Politico reported over the weekend that close allies of Boehner are worried about a coup attempt that may happen against him if Boehner caves in the end.
“Close allies of Speaker John Boehner are worried that his conservative rivals could move to oust him as soon as next week,” Politico wrote. “Removing a sitting speaker is exceedingly difficult, and such an effort would almost certainly fall short. Yet growing speculation about the possibility of it – coming after Friday’s embarrassing defeat at the hands of conservatives and House Democrats on the homeland security battle — shows how vulnerable the speaker has become.”
Politico detailed exactly what would have to happen for Boehner to be removed in the middle of a Congress, since he was barely re-elected at the beginning of this Congress.
“To remove Boehner from the speaker’s chair, a lawmaker would introduce a ‘motion to vacate,’ which an overwhelming majority of GOP lawmakers would have to back,” Politico wrote. “Republicans say that would never happen in the conference right now.”

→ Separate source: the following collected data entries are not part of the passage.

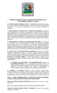 El Consejo Shipibo Konibo Xetebo exige la exclusión inmediata de las comunidades del ámbito del ACR Imiría y demanda el reconocimiento pleno de sus propias formas de gobernanza territorial y libre determinación. Asimismo, hace un llamado a la unidad de las organizaciones indígenas, federaciones y aliados nacionales e internacionales frente a lo que consideran una amenaza a su autonomía y a sus derechos colectivos.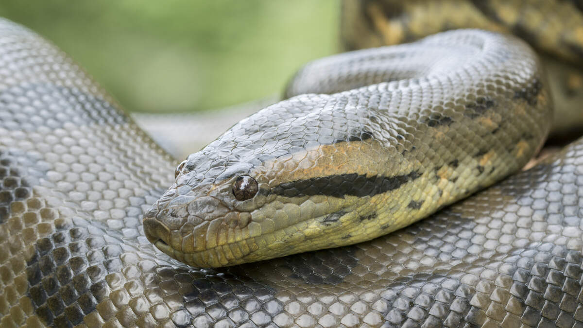 A giant green anaconda snake estimated at 16 1/2 ft long was filmed in the Brazilian jungle after it got stuck because it was so big from swallowing large prey whole! The Green Anaconda is one of the biggest and heaviest snake species on the entire planet.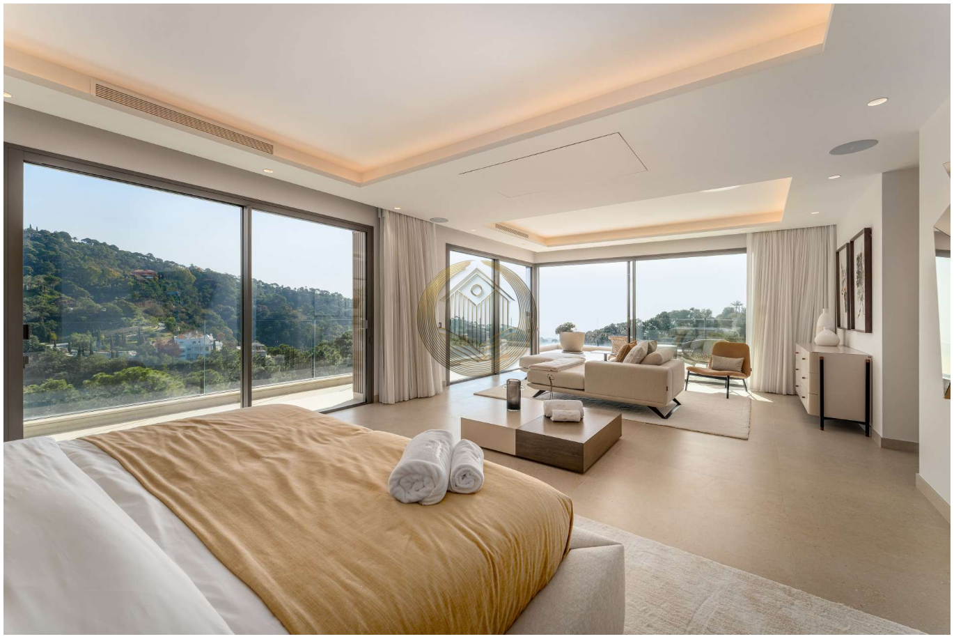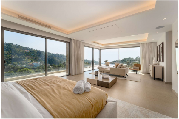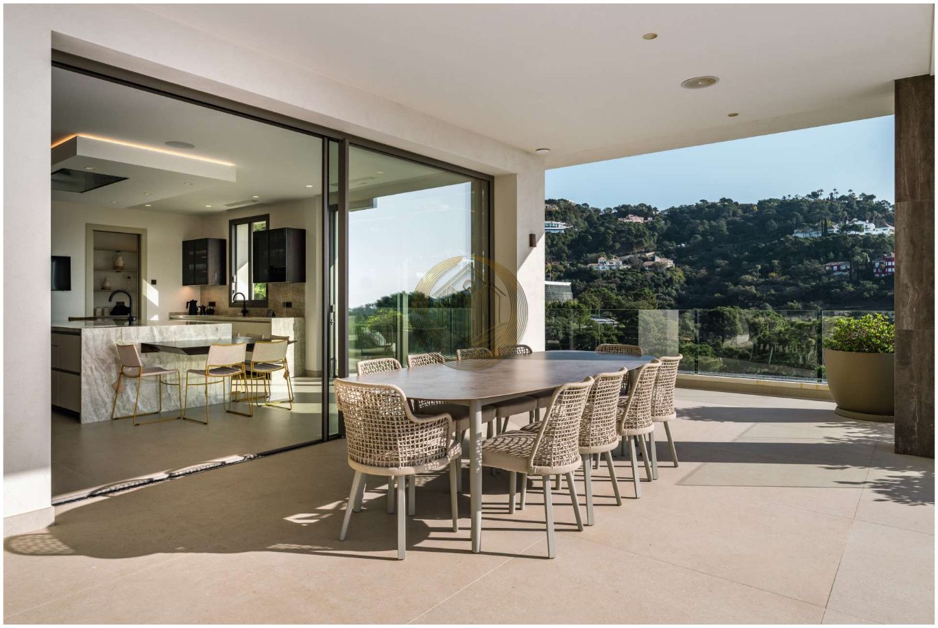 Esta impresionante villa contemporánea en Benahavis, en una de las urbanizaciones más exclusivas de Europa, ofrece privacidad absoluta, diseño de vanguardia y vistas panorámicas al mar, al valle y a las montañas desde todos sus niveles. Ubicada sobre una amplia parcela llana de 5.394 m², la propiedad cuenta con una superficie construida de 958 m² distribuidos en tres plantas más solárium.

While there aren’t any ongoing discussions among members right now about attempting to take down Boehner, that could easily change if the political environment around Obama’s amnesty—and the DHS funding bill that could either block it, or enable its implementation—gets murkier and bloodier, something very likely to happen in the coming days.
“Some of these 52 [Republicans who voted against the 3-week clean DHS funding deal] are more worried about protecting their own careers than protecting their constituents from ISIL,” one Republican lawmaker “close to Boehner” anonymously told Politico. “They are more worried about primaries than they are about the country. This is all aimed at Boehner. They want to take Boehner out.”

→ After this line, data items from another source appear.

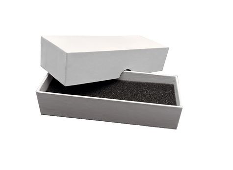 White rigid cardboard gift box with protective foam insert for a premium presentation of many products from our collection.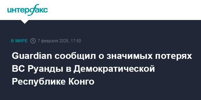 Guardian сообщил о значимых потерях ВС Руанды в Демократической Республике Конго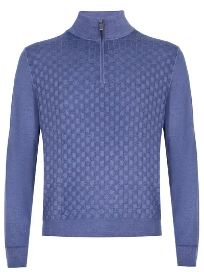 -Модель выполнена из смеси шерсти и шелка в голубом цвете.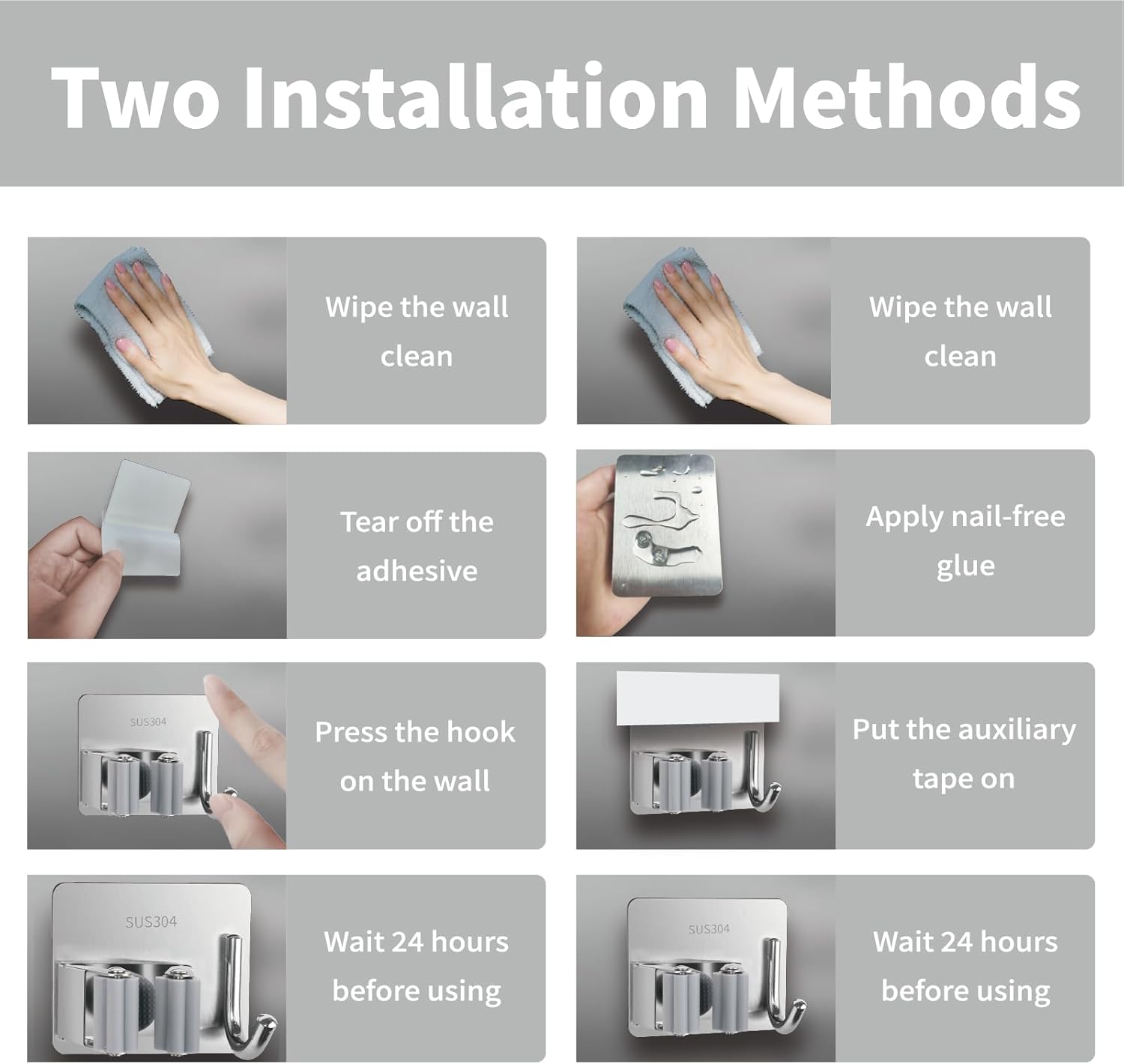 - Nail free and Wall Protect: Two installation methods: Install with adhesive tape or Glue. First method is Self Adhesive broom hanger keep no drilling holes in the wall. It is Suitable for small items, brooms, mops, Umbrellas, Toilet Brushes, etc. Note that this method only applies to Marble, Smooth Tiles, Glass, Wooden Board, Metal Panel, Acrylic Plate. Adhesive holder load-bearing capacity reaches 3kg.

“It would take a big uprising to do something and right now, I mean, I think really, truly Boehner is a stabilizing force,” Rep. Lynn Westmoreland (R-GA), another member close to Boehner, told Politico. “We’ll see what happens. Next Friday will be a big day. Next week will be a big week. We’ll see what he can do.”
Boehner’s closest allies have been attempting to lay blame for the eventual funding of Obama’s executive amnesty on everyone from House Democrats to Senate Democrats to Senate Republicans—but it’s clear to everyone involved that all of this fight at the beginning of this year has all been for show, and the real cave happened when the so-called “cromnibus” passed the House in December.
With the Senate still under Democratic control in that lame duck session, Boehner and his allies including House Appropriations Committee chairman Hal Rogers forced through a 1,771-page $1.1 trillion spending bill that funded all of government except for DHS through the end of September.
Not one member of Congress read that bill before voting on it, as it was impossible to do so based on the length of it in the short time frame they had to do so. But giving up leverage of the full government’s funding back then set the stage for this fight, and moving forward it’s going to be difficult for Boehner to explain that surrender when there were enough votes at the time for a clean CR until the beginning of the new Congress for the full government. The real question when all this is said and done is whether Boehner successfully prevents himself from being blamed—and whether he avoids accountability for enabling Obama’s executive amnesty.